S13 Fig. Directly interpreting aiSEGcell segmentations highlights importance of nucleus features in bright field.

Grad-CAM of images depicted (a) in Figs 1c and S2a (scale bar large images 40 μm, zoom ins 10 μm), (b) in Figs 3a and S2b (scale bar large image 40 μm, zoom in 10 μm), (c) in Figs 3e and S2c (scale bar large image 40 μm, zoom in 40 μm), and (d) in Figs 3g and S2d (scale bar large image 40 μm, zoom in 30 μm). For bright field (BF) and nucleus marker images the contrast was individually adjusted to improve visibility and Grad-CAM color maps were overlayed. aiSEGcell was trained on D1 (cyan) or retrained on D3 (green) and D4 (purple) after D1 pretraining. In Grad-CAM color maps, colors indicate weak (blue) and strong (red) contributions of pixels to segmented objects.
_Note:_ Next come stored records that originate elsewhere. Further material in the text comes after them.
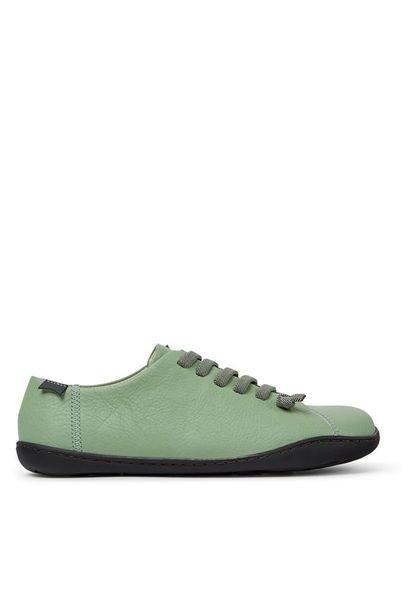 Grüner Damenschuh aus Leder mit einer Laufsohle aus 100% TPU (20% Recyclinganteil) und elastischen Schnürsenkeln.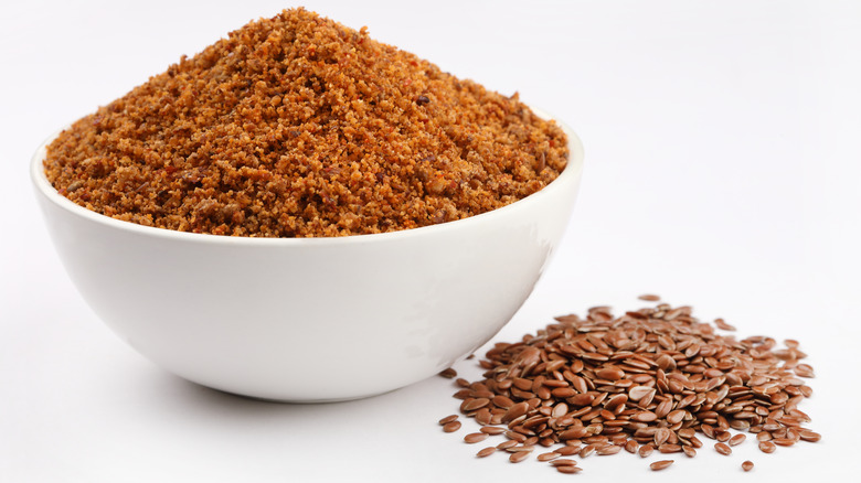 And of course, flaxseed is also rich in fiber, specifically insoluble fiber, according to the outlet. The National Center for Complementary and Integrative Health notes, nevertheless, that consuming flaxseed without adequate water may have effects counter to the desired outcome, with the potential to worsen constipation and even lead to intestinal blockage. To best reap the benefits of flaxseed, according to The Mayo Clinic, it's best not only to accompany it with a big glass of water, but to grind it into a meal or powder first. Whole seeds, according to the Clinic, can pass through the intestine undigested, leaving their incredible benefits untapped.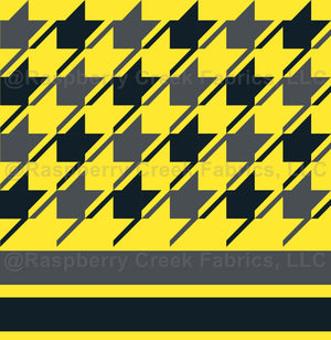 Dark teal and grey houndstooth and stripes, against a yellow background.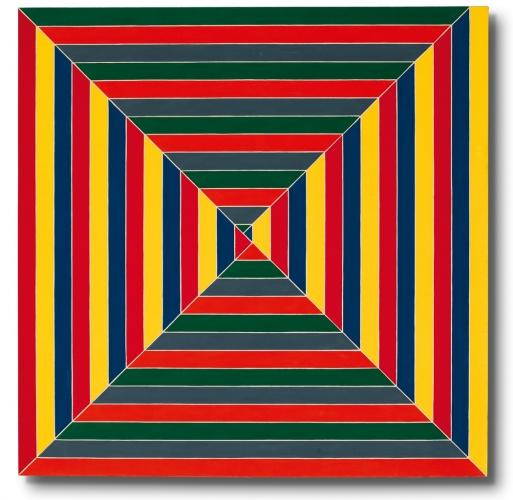 One of his responses was that instead of some false illusionistic manner of creating depth - painting the far-off man smaller - you had to give the canvas actual depth, make some layers sit further forward, some backward. Felstzyn III (1971) is on an adjacent wall, with its further-back green plane.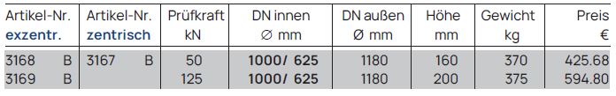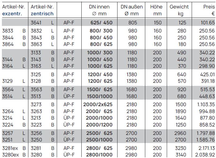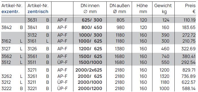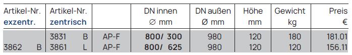 Diese Abdeck-/ Übergangsplatte dient als Verbindungsstück, um eine Schachtöffnung von einem größeren Durchmesser (z. B. DN 2000) auf ein kleineres Maß (z. B. DN 625 für den Einstieg, DN 1000 für weiterführendes Schachtmaterial) zu reduzieren. Die Einstiegsöffnung kann zentrisch (mittig) oder exzentrisch (versetzt) angeordnet sein, um beispielsweise das Einsteigen über Steigeisen zu erleichtern.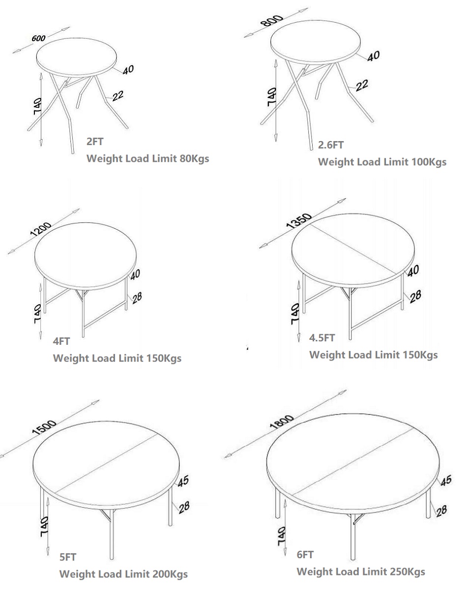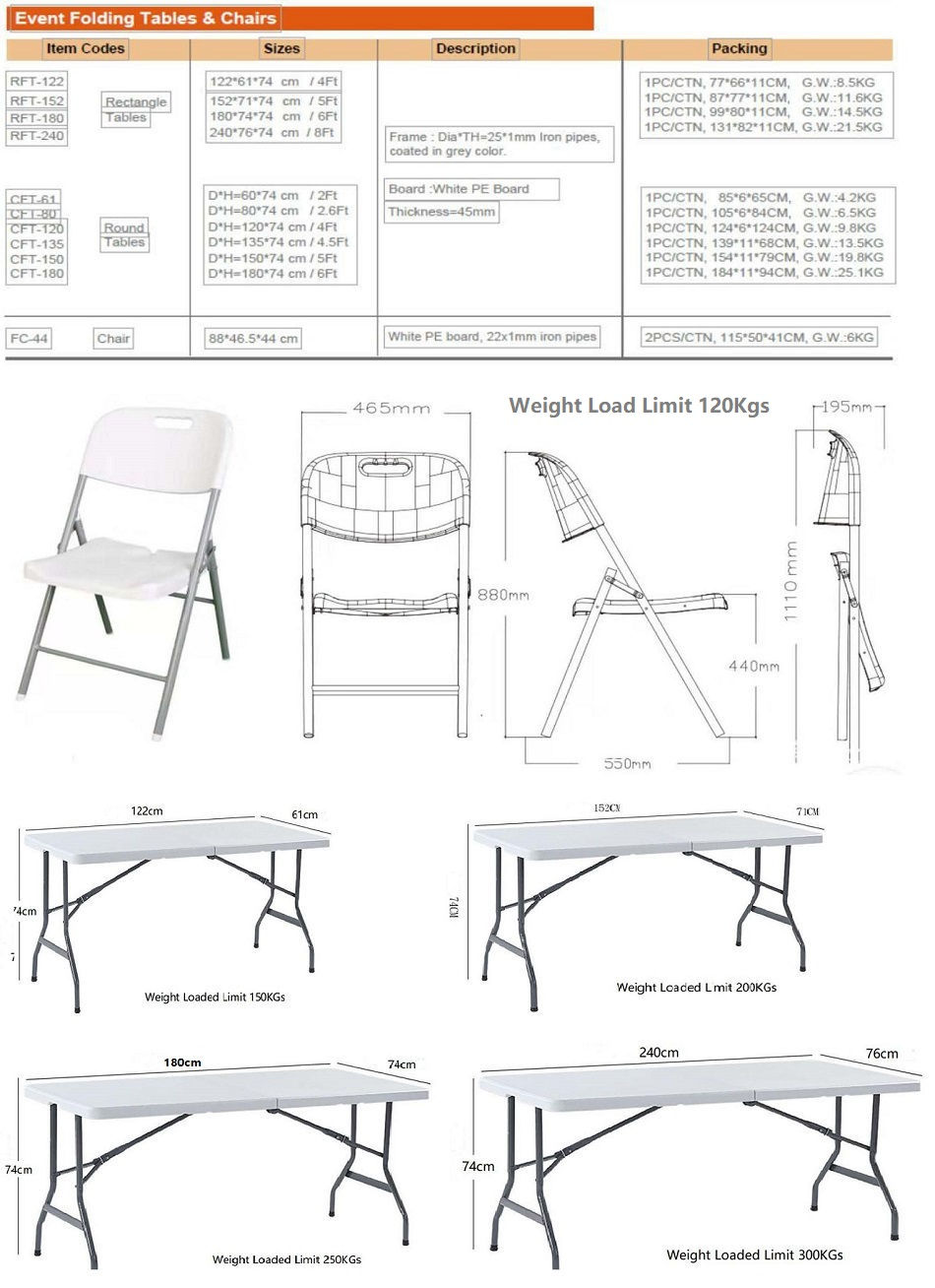 | SKU: RFT-122/152/180/240 Size: 4/5/6/8FT or Other Sizes Material: Legs: 25x1mm Iron Pipes in Grey Color Board: PE in White Color MOQ: 10pcs Packing: 1pc/carton Shipping: By Express/By air/By sea Life Time: 3Year + | |||||||||

https://doi.org/10.1371/journal.pcbi.1012361.s013

(TIF)

S14 Fig. Cell cycle does not affect the frequency of NfκB response types in TNFα stimulated mGMPGM.

Only signaling dynamics of mGMPGM stimulated with TNFα are shown. One outlier cell tree was removed due to weak PCNA signal (n = 77 cell trees, N = 2 biological replicates; one-sided Chi2 test, degrees of freedom = 16, Chi2 statistic = 1.8, p = 0.401; n.s.: p≥0.05). List of abbreviations: cell cycle (CC), non-responsive (NON), oscillatory (OSC), transient (TRA).

https://doi.org/10.1371/journal.pcbi.1012361.s014

(TIF)

S15 Fig. Gating strategies for FACS sorted cell populations in D6.

Isolation strategy for murine pre-granulocyte/monocyte progenitors (mPreGM, first sort) and murine lineage unbiased granulocyte/monocyte progenitor cells (mGMPGM, second sort). List of abbreviations: lineage negative (Lin-), lineage negative cKit positive (LK), murine granulocyte/monocyte progenitor (mGMP), monomeric RUBY2 positive (mRUBY2+).

https://doi.org/10.1371/journal.pcbi.1012361.s015

(TIF)

S16 Fig. Inaccurate segmentations are poorly represented by conventional F1-score.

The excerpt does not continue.